Attributes for hazard analysis

Site characterization

It is necessary to understand the subsurface lithology of on area to estimate the effect of earthquake at a site of interest. Many modern seismic codes of the developed countries like America, Europe, and Japan have produced abundant and geophysical data and have incorporated site effects in their codes (IBC 2009; UBC 97 1997; BSSC 2003; EC8 2011). The sites can be classified based on any one of the following three parameters, i.e., undrained shear strength (Su), standard penetration resistance (N-value), and shear wave velocity (Vs). The design spectrum determined 30-m average Vs values (Borcherdt 1994), 30-m average standard penetration resistance (N30), and undrained shear strength (Su), are also used for site classification. Both the Uniform Building Code (UBC 1997) and Eurocode 8 (EC8 2011) use VS30 to classify the sites, for earthquake engineering design. The Vs can directly be measured from field tests or can be estimated from the existing correlations between N-values and Vs (Hansancebi and Ulusay 2007). The VS30 estimation is useful for seismic zonation studies (Kockar et al. 2010). The site characterization of the Ahmedabad City is carried out based on average shear wave velocity to 30 m (VS30). The VS30 of the study area is estimated from the PS-logging and the MASW surveys and ranges from 163 to 380 m/s. The VS30 distribution in Ahmedabad is shown in Fig. 3. According to NEHRP (BSSC 2003), the study area comes under the site class D in which VS30 ranges from 180 to 360 m/s (Table 2).

Fig. 3
figure 3

Distribution of shear-wave velocity to 30 m (VS30) of Ahmedabad City

Table 2 NEHRP classification of soils/rocks based on VS30

Surface peak ground acceleration

Rout et al. (2019) prepared a probabilistic hazard map of Gujarat region at bedrock level (Vs 760 m/s) using an updates earthquake catalog from 1668 to 2016 by considering seven seismogenic zones in Gujarat based on the tectonic set-up and seismicity, which includes Cambay basin as a separate zone. The seismicity parameters were estimated for each seismogenic zone. The ground motion values were estimated at the B/C boundary (Vs 760 m/s) using the ground motion predication equation (GMPEs). The ground motion prediction equations (GMPE) are important in the seismic hazard analysis of any region. The accuracy of these prediction equations depends upon the data and methodology used to arrive at such relationships. These attenuation equations directly influence the hazard results. Generally, region-specific ground motion equations are preferred for the hazard estimation. For Gujarat region, few attenuation relations are developed using strong motion earthquake data. Mandal (2009) has developed a ground motion attenuation equation for the Kachchh region, Gujarat in terms of peak ground acceleration (PGA) by using aftershock data of 2001 Bhuj earthquake. NDMA (2011) has developed an attenuation equation for all the seven tectonic regions of India with different coefficients, and this equation is valid for site class A (VS30 > 1500 m/sec). The Eastern North America (ENA) is considered to be a stable continental region like Gujarat (Talwani 2014). Atkinson and Boore (2006) have developed a new ground motion equation for ENA using a stochastic finite-fault model for hard rock and soil types. The equations are valid for the hard rock site (VS30 ≥ 2000 m/sec) or NEHRP site class A. Rout et al. (2019) has used these GMPEs for PSHA with weightage of 40% to Mandal (2009), 40% to NDMA (2011), and 20% to Atkinson and Boore (2006), and the PGA has been calculated at different return periods.

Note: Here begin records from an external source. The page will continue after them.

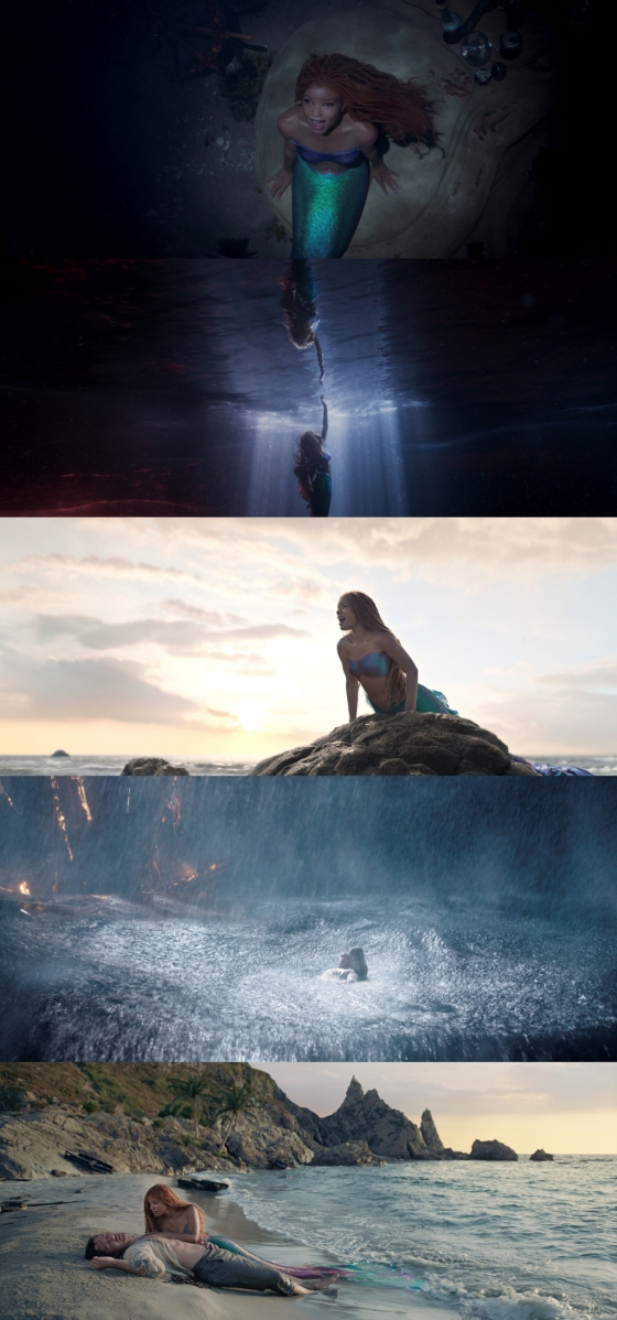 뿐만 아니라, 거대한 파도에 휩쓸린 '에릭 왕자'(조나 하우어 킹 분)를 '에리얼'이 구해주는 장면으로 이들의 첫 만남이자 '에리얼'이 사랑에 빠진 순간을 담아내는가 하면, 바다를 벗어난 '에리얼'이 '에릭 왕자'와 함께 즐거운 한때를 보내는 스틸은 사랑에 빠진 둘의 모습을 엿볼 수 있게 해 이들이 펼칠 감동적인 로맨스에 대한 기대감을 불러일으킨다.
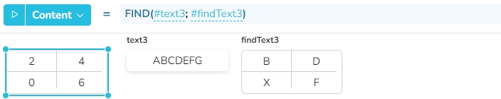 The search is performed case-sensitive, so the found text within parameter text must have the same casing than parameter findText.
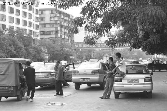 昨天上午10时,记者再次来到该路口,只见来往的车辆相对较少,而停放在此处的蓝牌车和摩的仍有近十辆。

The ground motions estimated at B/C boundary needs to be brought to surface level by applying amplification factors. The amplification factor for different sites are derived based on empirical relationship proposed by Choi and Stewart (2005) using the average shear wave velocity in the upper 30 m (VS30). By multiplying the amplification factor derived by Choi and Stewart (2005) with the ground motion value at B/C boundary level, the PGA is estimated at the surface level (Fig. 4). It is observed that the amplification is in the range 1.3–1.6 at Ahmedabad. It has been found that the PGA at surface varies between 108 and 144 cm/s2 for 2% PE in 50 years and between 52 and 65 cm/s2 for 10% PE in 50 years.

Fig. 4
figure 4

Distribution of surface peak ground acceleration in Ahmedabad City

Factor of safety against liquefaction

Liquefaction hazard analysis was carried out based on SPT-N value, PGA, plasticity index, density, ground water level (GWL), and fine content (Fioravante et al. 2013; Cavallaro et al. 2018), using methodologies suggested by Seed and Idriss (1971), Youd et al. (2001) and Idriss and Boulanger (2006). The N values obtained from the standard penetration test are corrected to obtain the standardized (N1)60 (Robertson and Wride 1997). The measured SPT N values were also corrected for an overburden pressure in accordance with the recommendations made by NCEER ( 1997) and Kayen et al. (1992). The earthquake loading on the soil is expressed by the cyclic stress ratio (CSR). The simplified method suggested by Seed and Idriss (1971) is used to find out the CSR using following equation:

$$ \mathrm{CSR}=0.65\left(\frac{\alpha \mathrm{m} ax}{g}\right)\left(\frac{\sigma_{\mathrm{vo}}}{\sigma_{\mathrm{vo}}}\right)\mathrm{rd} $$
(1)

where 0.65 (αmax/g) = 65% of the peak cyclic shear stress; αmax = peak horizontal acceleration at the ground surface generated by the earthquake; g = acceleration due to gravity; σvo = total overburden stress; σvo’ = effective overburden stress; and rd = stress reduction coefficient. The strength of the soil (capacity of soil) to resist liquefaction is expressed in terms of cyclic resistance ratio (CRR). The liquefaction resistance of the soil depends on how close the initial state of the soil is to the failure.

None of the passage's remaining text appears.